> **DATASET RECORDS**:

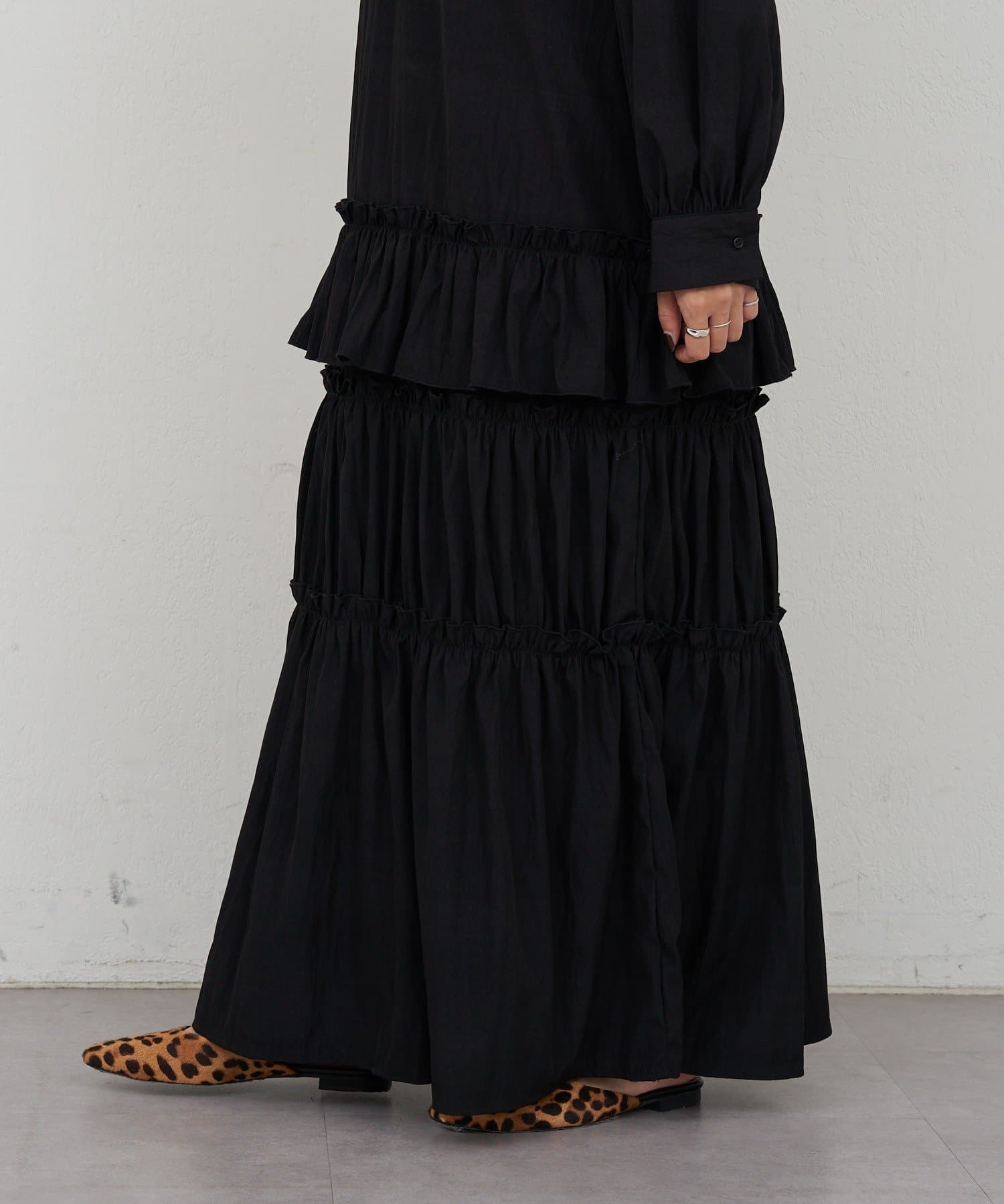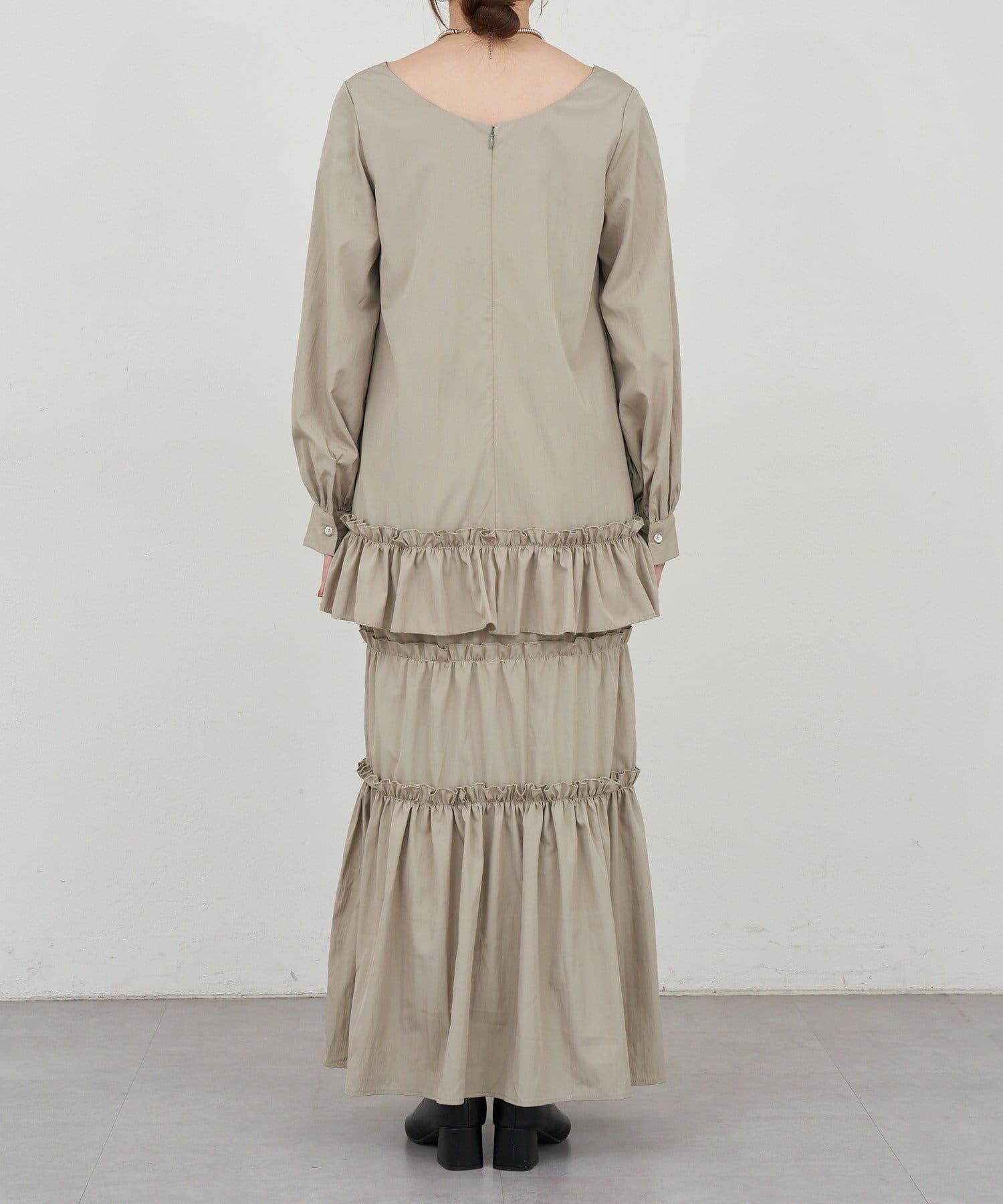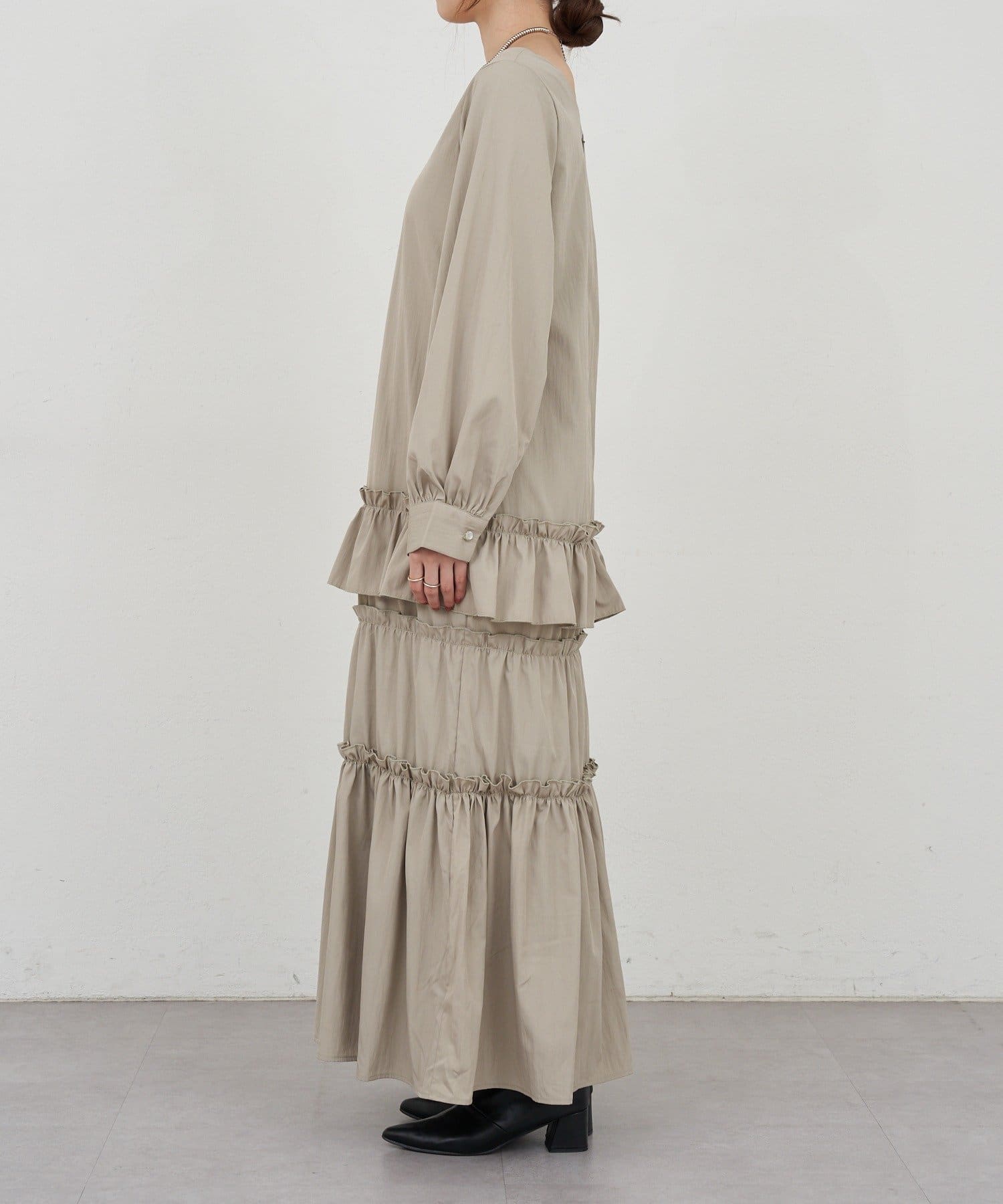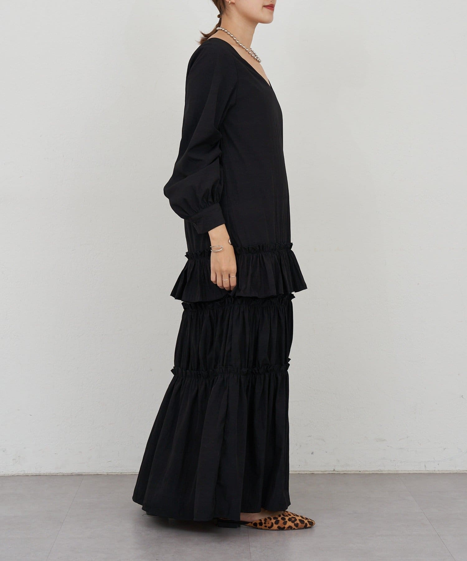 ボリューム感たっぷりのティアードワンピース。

--

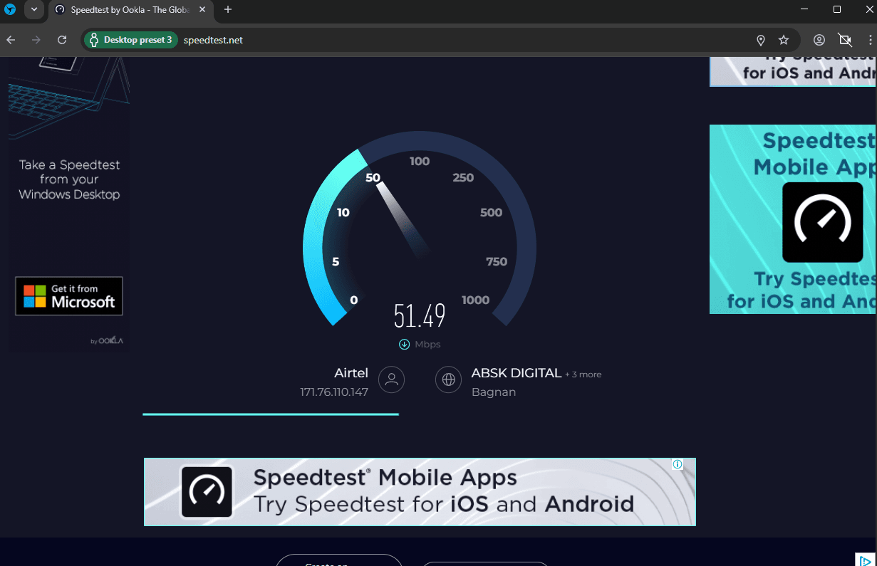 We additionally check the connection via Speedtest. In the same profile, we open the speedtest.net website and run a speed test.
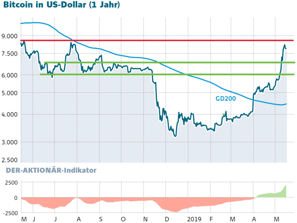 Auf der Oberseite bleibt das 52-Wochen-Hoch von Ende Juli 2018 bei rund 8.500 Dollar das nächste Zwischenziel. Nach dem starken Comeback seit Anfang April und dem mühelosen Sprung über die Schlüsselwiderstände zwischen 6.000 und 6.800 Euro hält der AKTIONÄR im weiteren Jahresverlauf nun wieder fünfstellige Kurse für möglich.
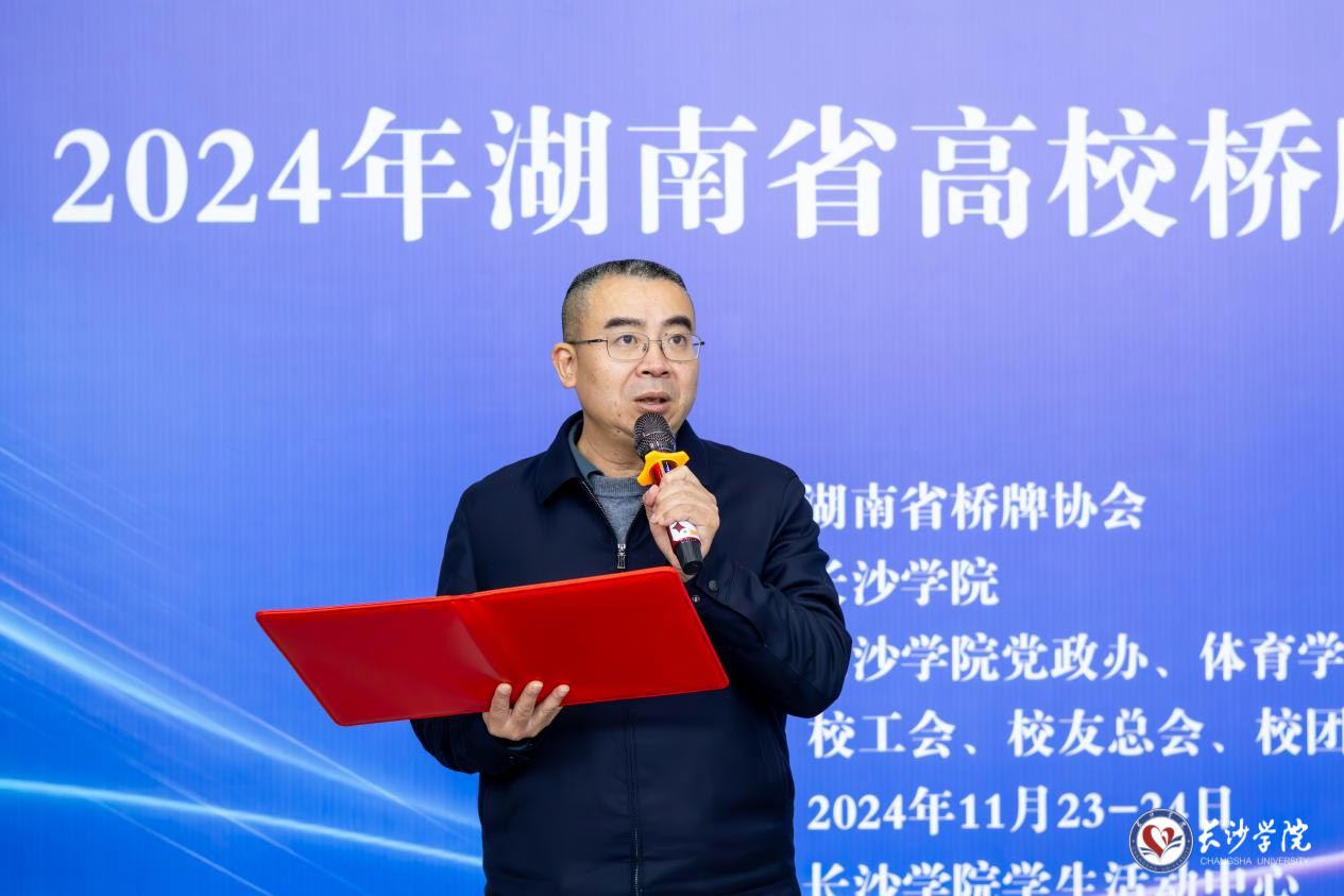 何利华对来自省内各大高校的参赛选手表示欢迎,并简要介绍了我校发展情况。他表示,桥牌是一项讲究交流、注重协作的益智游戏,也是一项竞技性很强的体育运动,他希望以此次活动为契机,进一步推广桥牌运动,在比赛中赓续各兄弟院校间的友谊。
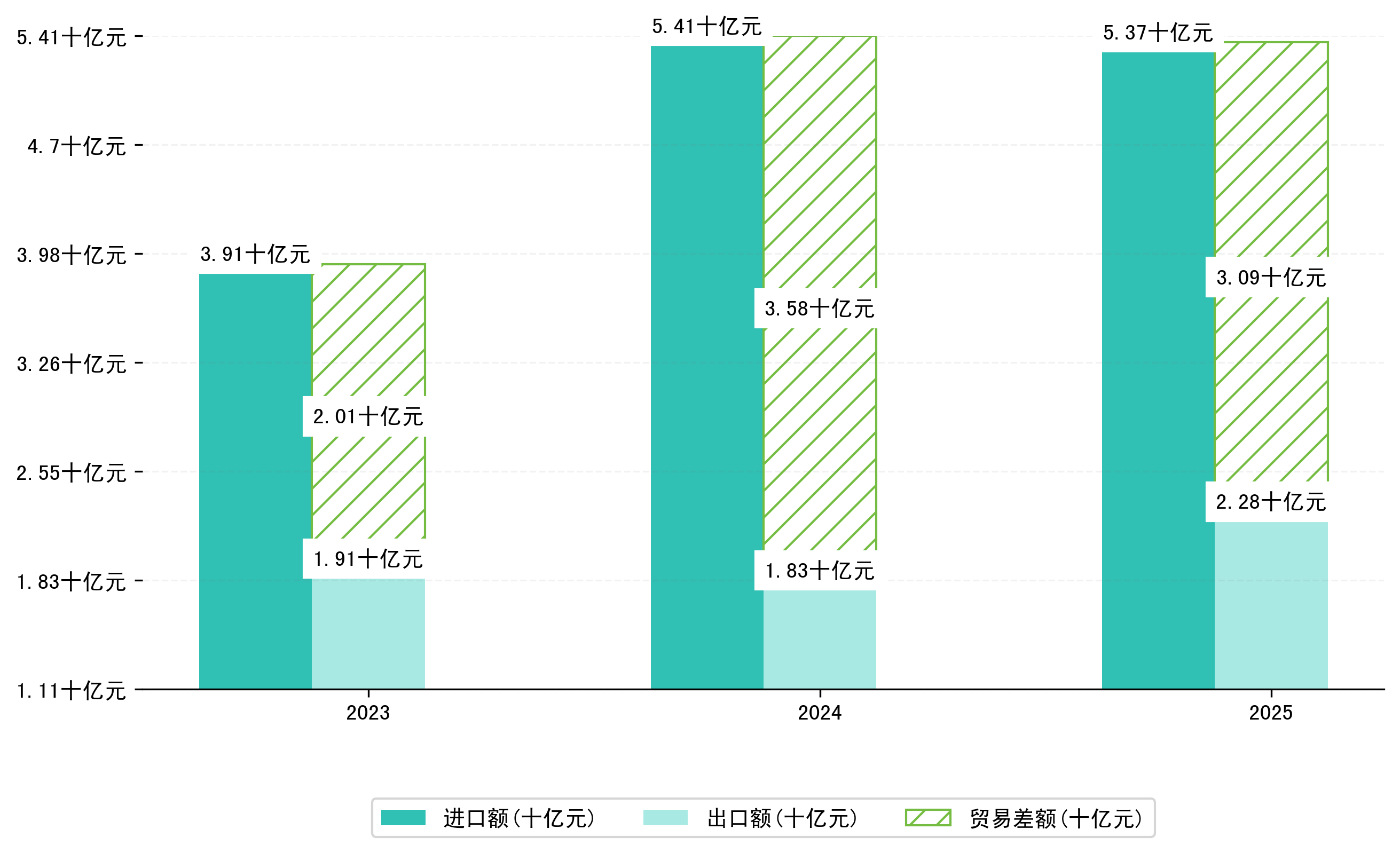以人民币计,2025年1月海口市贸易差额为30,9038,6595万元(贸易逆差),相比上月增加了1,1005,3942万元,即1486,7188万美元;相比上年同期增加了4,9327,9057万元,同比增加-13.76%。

> **EXERCISE PROMPT**:
Set the pictures aside and retype exactly the lines above from the line with "We additionally check" to the line with "以人民币计,2025年1月海", both included, adding no others.

> **EXERCISE SOLUTION**:
 We additionally check the connection via Speedtest. In the same profile, we open the speedtest.net website and run a speed test.
 Auf der Oberseite bleibt das 52-Wochen-Hoch von Ende Juli 2018 bei rund 8.500 Dollar das nächste Zwischenziel. Nach dem starken Comeback seit Anfang April und dem mühelosen Sprung über die Schlüsselwiderstände zwischen 6.000 und 6.800 Euro hält der AKTIONÄR im weiteren Jahresverlauf nun wieder fünfstellige Kurse für möglich.
 何利华对来自省内各大高校的参赛选手表示欢迎,并简要介绍了我校发展情况。他表示,桥牌是一项讲究交流、注重协作的益智游戏,也是一项竞技性很强的体育运动,他希望以此次活动为契机,进一步推广桥牌运动,在比赛中赓续各兄弟院校间的友谊。
以人民币计,2025年1月海口市贸易差额为30,9038,6595万元(贸易逆差),相比上月增加了1,1005,3942万元,即1486,7188万美元;相比上年同期增加了4,9327,9057万元,同比增加-13.76%。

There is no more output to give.